_Your instructions_:
Should a picture appear anywhere in the data, omit it and copy everything else exactly.

_Information provided_:
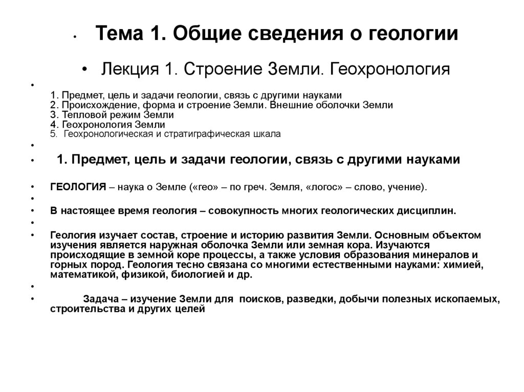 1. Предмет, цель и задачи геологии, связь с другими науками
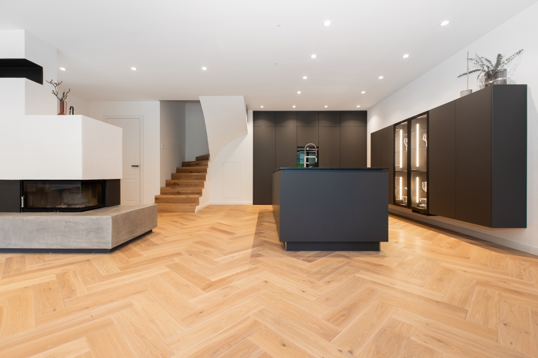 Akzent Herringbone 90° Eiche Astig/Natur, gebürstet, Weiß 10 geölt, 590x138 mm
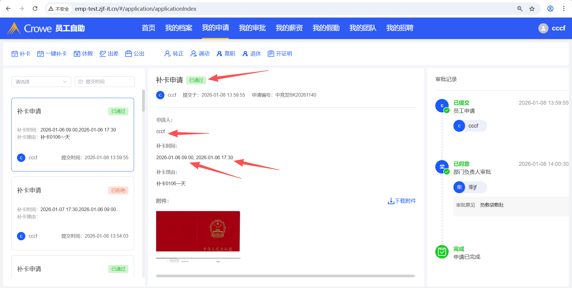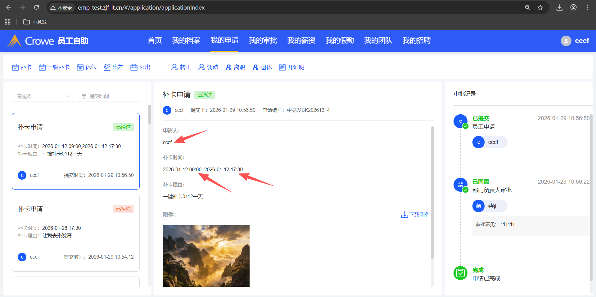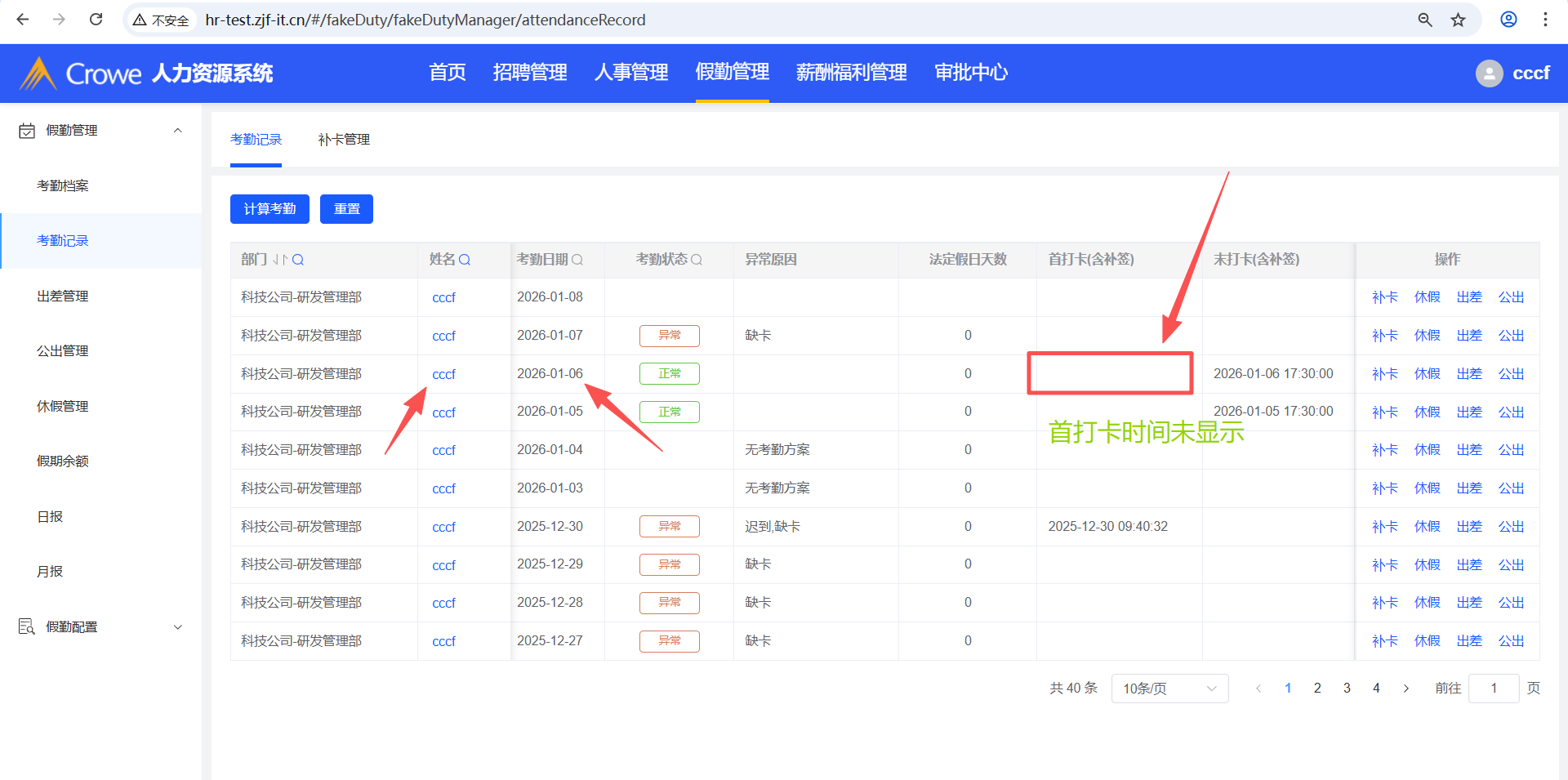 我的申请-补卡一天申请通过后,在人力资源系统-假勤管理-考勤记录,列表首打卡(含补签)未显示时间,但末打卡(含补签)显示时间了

_Response to the exercise_:
 1. Предмет, цель и задачи геологии, связь с другими науками
 Akzent Herringbone 90° Eiche Astig/Natur, gebürstet, Weiß 10 geölt, 590x138 mm
 我的申请-补卡一天申请通过后,在人力资源系统-假勤管理-考勤记录,列表首打卡(含补签)未显示时间,但末打卡(含补签)显示时间了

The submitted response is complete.